### GIVEN INFORMATION
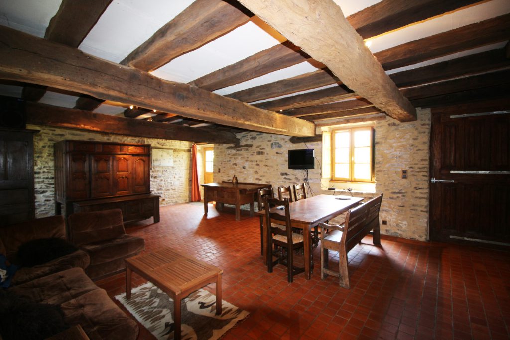 – Du bâtiment principal offrant : Au rez-de-chaussée : Cuisine équipée et aménagée, cellier avec chaufferie ,salle a manger avec cheminée, wc/lavabo, séjour/Salon de 40m2 avec cheminée.
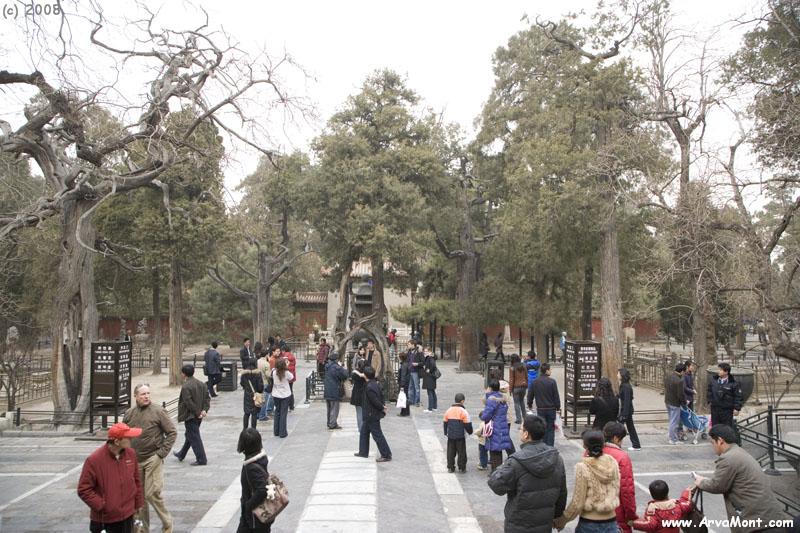 Passing through the Gate of Heavenly Purity to come to a Hall used as a throne room and bridal chamber. ^ Behind this hall, still on the north-south axis, but now at the very back of the Forbidden City, is the Imperial Garden. It has some interesting features. We liked the trees that were pruned to take on the shape of an arch. I believe they were attempting to take on the shape of a Chinese character that looks a little bit like a lambda: λ, which means man. There are four of these on the four sides of a shrine.^ The Hill of Accumulated Elegance. Also in the inner court were 26 separate halls, one representing each province in the land. It is in these halls that the Empress and the various concubines lived. By the time we reached the back of the Forbidden City we were too tired to tour each of these, so we just visited the courtyard commanded by Cixi, the last Empress Dowager.
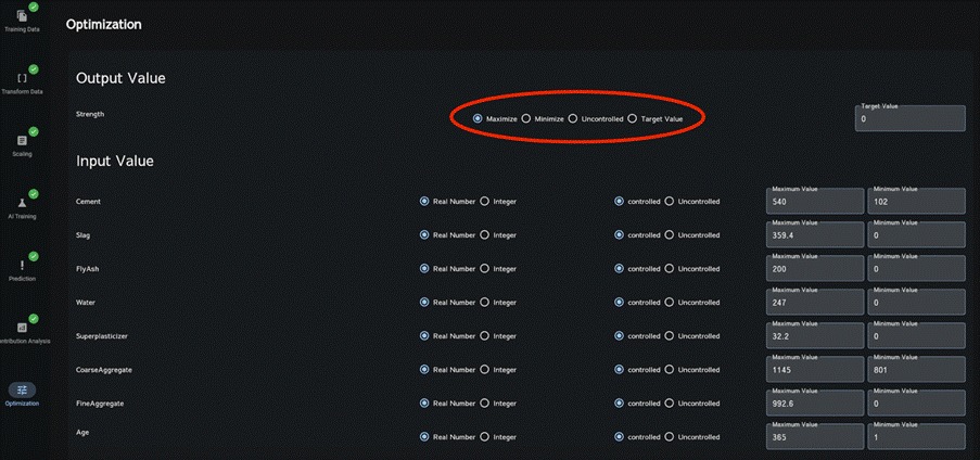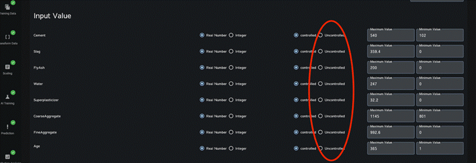 If any explanatory variables (inputs) cannot be controlled, select Uncontrolled for those variables. The optimization will then be performed for the controlled explanatory variables under the assumption that each uncontrolled explanatory variable can take any value between its minimum and maximum.

### WORK INSTRUCTIONS
Repeat the listing word for word, but without its pictures.

### ANSWER FOR THIS EXERCISE
 – Du bâtiment principal offrant : Au rez-de-chaussée : Cuisine équipée et aménagée, cellier avec chaufferie ,salle a manger avec cheminée, wc/lavabo, séjour/Salon de 40m2 avec cheminée.
 Passing through the Gate of Heavenly Purity to come to a Hall used as a throne room and bridal chamber. ^ Behind this hall, still on the north-south axis, but now at the very back of the Forbidden City, is the Imperial Garden. It has some interesting features. We liked the trees that were pruned to take on the shape of an arch. I believe they were attempting to take on the shape of a Chinese character that looks a little bit like a lambda: λ, which means man. There are four of these on the four sides of a shrine.^ The Hill of Accumulated Elegance. Also in the inner court were 26 separate halls, one representing each province in the land. It is in these halls that the Empress and the various concubines lived. By the time we reached the back of the Forbidden City we were too tired to tour each of these, so we just visited the courtyard commanded by Cixi, the last Empress Dowager.
 If any explanatory variables (inputs) cannot be controlled, select Uncontrolled for those variables. The optimization will then be performed for the controlled explanatory variables under the assumption that each uncontrolled explanatory variable can take any value between its minimum and maximum.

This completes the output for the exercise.